Frequently Asked Questions

Common clinical questions about CARISOPRODOL COMPOUND vs ANAFRANIL, answered by our medical review team.

1. What is the main difference between CARISOPRODOL COMPOUND and ANAFRANIL?

CARISOPRODOL COMPOUND is a Skeletal Muscle Relaxant that works by Carisoprodol is a centrally acting muscle relaxant that acts as a prodrug for meprobamate, a barbiturate-like compound with sedative and anxiolytic properties. Its mechanism is thought to involve GABA-A receptor modulation and depression of polysynaptic reflexes in the spinal cord and reticular formation. Aspirin provides analgesic and anti-inflammatory effects via irreversible inhibition of cyclooxygenase (COX-1 and COX-2), reducing prostaglandin synthesis. Codeine is an opioid agonist at mu-opioid receptors, producing analgesia by mimicking endogenous endorphins.. ANAFRANIL is a Tricyclic Antidepressant that works by Clomipramine is a tricyclic antidepressant (TCA) that inhibits the reuptake of serotonin and norepinephrine, with a higher potency for serotonin reuptake inhibition. It also has anticholinergic, antihistaminergic, and alpha-adrenergic blocking properties.. They differ in pharmacokinetic profiles, FDA-approved indications, and side effect profiles.

2. Which is stronger: CARISOPRODOL COMPOUND or ANAFRANIL?

Potency comparisons between CARISOPRODOL COMPOUND and ANAFRANIL depend on the specific clinical indication. These are agents from distinct pharmacological classes and are not directly interchangeable by dose. A physician or clinical pharmacist should guide any therapeutic switching decisions.

3. What is the standard dosing for CARISOPRODOL COMPOUND vs ANAFRANIL?

The standard adult dose of CARISOPRODOL COMPOUND is: 1-2 tablets (carisoprodol 200 mg/aspirin 325 mg) orally 4 times daily.. The standard adult dose of ANAFRANIL is: Initial: 25 mg PO tid; increase gradually to 100-150 mg/day.

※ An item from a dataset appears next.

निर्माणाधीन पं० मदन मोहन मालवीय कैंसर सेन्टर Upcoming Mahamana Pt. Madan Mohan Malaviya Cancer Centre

Maximum: 250 mg/day. Maintenance: lowest effective dose.. Dosing should always be individualized based on indication, renal and hepatic function, age, and other patient factors.

4. Can you take CARISOPRODOL COMPOUND and ANAFRANIL together?

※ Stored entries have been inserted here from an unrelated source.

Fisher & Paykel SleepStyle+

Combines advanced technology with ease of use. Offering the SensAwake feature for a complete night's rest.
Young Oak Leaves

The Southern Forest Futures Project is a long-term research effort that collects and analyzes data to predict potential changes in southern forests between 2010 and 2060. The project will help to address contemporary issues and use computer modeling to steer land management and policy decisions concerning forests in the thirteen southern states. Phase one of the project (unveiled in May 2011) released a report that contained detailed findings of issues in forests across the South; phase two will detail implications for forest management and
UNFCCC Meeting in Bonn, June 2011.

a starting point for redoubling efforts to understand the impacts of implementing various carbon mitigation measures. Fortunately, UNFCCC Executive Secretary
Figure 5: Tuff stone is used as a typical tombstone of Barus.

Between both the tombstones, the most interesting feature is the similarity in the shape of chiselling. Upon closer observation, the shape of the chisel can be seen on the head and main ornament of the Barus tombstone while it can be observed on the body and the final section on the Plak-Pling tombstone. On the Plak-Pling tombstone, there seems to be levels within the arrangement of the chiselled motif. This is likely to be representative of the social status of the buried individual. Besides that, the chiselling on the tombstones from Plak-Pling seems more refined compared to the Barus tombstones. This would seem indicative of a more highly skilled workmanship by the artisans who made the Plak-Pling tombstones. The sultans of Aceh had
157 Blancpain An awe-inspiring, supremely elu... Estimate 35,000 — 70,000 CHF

No direct drug-drug interaction has been formally documented between CARISOPRODOL COMPOUND and ANAFRANIL in current clinical databases. However, individual patient risk factors including other medications, organ function, and comorbidities should always be evaluated by a qualified healthcare provider.

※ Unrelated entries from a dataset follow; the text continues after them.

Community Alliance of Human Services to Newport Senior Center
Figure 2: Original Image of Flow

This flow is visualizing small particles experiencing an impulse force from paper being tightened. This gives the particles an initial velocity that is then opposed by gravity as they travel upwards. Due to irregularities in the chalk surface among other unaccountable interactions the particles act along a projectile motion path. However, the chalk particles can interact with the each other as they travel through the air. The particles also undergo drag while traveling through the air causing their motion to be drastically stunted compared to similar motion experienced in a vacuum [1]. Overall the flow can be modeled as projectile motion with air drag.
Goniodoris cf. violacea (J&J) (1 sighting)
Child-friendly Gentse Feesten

5. Are CARISOPRODOL COMPOUND and ANAFRANIL safe during pregnancy?

The maternal-fetal safety profiles differ. CARISOPRODOL COMPOUND is classified as Category A/B. Carisoprodol is a pregnancy category C drug. Data from animal studies are insufficient or show adverse effects, but no adequate human studies exist. There is a potential risk of fe. ANAFRANIL is classified as Category C. First trimester: Limited data; possible increased risk of congenital heart defects (RR ~1.3). Second/third trimester: Risk of neonatal withdrawal syndrome (jitteriness, feeding dif. Always consult a maternal-fetal medicine specialist before taking either drug during pregnancy or lactation.